All three variants measure performance across five core metrics:

  • Coverage
  • Alignment
  • Hallucination
  • Relevance
  • Bias/Toxicity

Scores are calculated using traditional ML techniques like precision, recall, and F1 score. Weightings can be adjusted with sliders.


:robot: Supported Judge Models

The evaluator currently supports:

  • GPT-4.1 Mini (OpenAI)
  • Claude (Anthropic)
  • DeepSeek

You can run single or multi-model evaluations, and the system outputs:

  • Metric scores
  • Token usage
  • JSON-format explanations
  • Downloadable results

:bulb: Real-Time Demo Highlights

  • Evaluations typically run in ~90–100 seconds depending on model selection.
  • The tool accurately identified mismatched summaries (e.g., one that sounded right but was from a different subdomain).
  • Claude-4 showed particularly strong performance in hallucination detection during tests.

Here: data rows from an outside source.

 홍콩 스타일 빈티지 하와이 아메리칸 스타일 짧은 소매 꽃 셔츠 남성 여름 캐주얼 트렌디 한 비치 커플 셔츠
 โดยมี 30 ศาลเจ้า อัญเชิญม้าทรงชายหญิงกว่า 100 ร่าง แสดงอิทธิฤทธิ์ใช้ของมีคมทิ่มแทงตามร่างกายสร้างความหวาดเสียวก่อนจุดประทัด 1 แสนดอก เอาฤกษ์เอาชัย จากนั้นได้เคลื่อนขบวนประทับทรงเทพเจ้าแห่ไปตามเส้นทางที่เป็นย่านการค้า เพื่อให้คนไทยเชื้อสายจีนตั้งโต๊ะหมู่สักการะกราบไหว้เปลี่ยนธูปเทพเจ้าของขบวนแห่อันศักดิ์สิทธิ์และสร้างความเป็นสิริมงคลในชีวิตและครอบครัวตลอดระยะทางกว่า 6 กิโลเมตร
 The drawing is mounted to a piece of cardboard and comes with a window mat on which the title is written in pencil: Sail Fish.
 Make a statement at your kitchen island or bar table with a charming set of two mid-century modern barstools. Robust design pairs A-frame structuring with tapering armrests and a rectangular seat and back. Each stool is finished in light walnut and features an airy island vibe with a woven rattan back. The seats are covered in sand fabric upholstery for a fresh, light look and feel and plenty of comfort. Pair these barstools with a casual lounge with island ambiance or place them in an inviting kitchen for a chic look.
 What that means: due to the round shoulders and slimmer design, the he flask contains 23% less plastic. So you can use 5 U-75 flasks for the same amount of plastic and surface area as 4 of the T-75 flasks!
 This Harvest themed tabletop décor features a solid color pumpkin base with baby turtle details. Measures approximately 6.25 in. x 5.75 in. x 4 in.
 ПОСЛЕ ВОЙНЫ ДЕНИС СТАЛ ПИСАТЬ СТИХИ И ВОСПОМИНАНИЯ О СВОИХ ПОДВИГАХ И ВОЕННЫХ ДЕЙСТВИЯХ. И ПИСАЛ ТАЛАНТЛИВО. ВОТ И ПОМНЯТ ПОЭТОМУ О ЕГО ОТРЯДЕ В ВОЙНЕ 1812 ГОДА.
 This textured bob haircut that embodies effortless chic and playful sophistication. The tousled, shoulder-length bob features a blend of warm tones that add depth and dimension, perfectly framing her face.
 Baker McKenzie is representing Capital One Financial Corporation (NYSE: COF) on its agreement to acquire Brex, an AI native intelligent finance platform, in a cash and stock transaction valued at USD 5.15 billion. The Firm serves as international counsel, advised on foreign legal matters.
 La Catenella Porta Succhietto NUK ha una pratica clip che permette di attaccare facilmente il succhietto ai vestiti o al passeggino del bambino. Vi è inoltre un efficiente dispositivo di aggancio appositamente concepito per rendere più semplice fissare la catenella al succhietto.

:hammer_and_wrench: Status & Next Steps

  • TwinLock, JudgeLock, and Parallax-DJ are completed and functioning.
  • The developer is finalizing documentation and preparing the Hugging Face Space for public use.
  • Once tested by the team, the tool will be made freely accessible.

:crystal_ball: What’s Next: JudgeLock Ultra & Beyond

  • A more advanced evaluator variant (“JudgeLock Ultra”) is in the works, using reasoning-heavy models for deeper evaluation.
  • Future directions may include expanding beyond summarization to evaluate models for other use cases like therapy, coaching, and chatbot performance.

:compass: Strategic Direction

David suggests the focus should now shift from refining a single use case to expanding into multiple use cases, making BrainDrive ModelMatch a go-to tool for benchmarking models across various real-world applications.


Let us know what use cases you’d like to see evaluated next—or try out the prototype and share your feedback!

1 Like

Hi Guys,

Here is a recording of my conversation with Navaneeth with the latest progress on the BrainDrive ModelMatch project followed by an AI powered summary of the convo.

The short version is we now have our second use case live which is helping choose the best model for therapy related use cases.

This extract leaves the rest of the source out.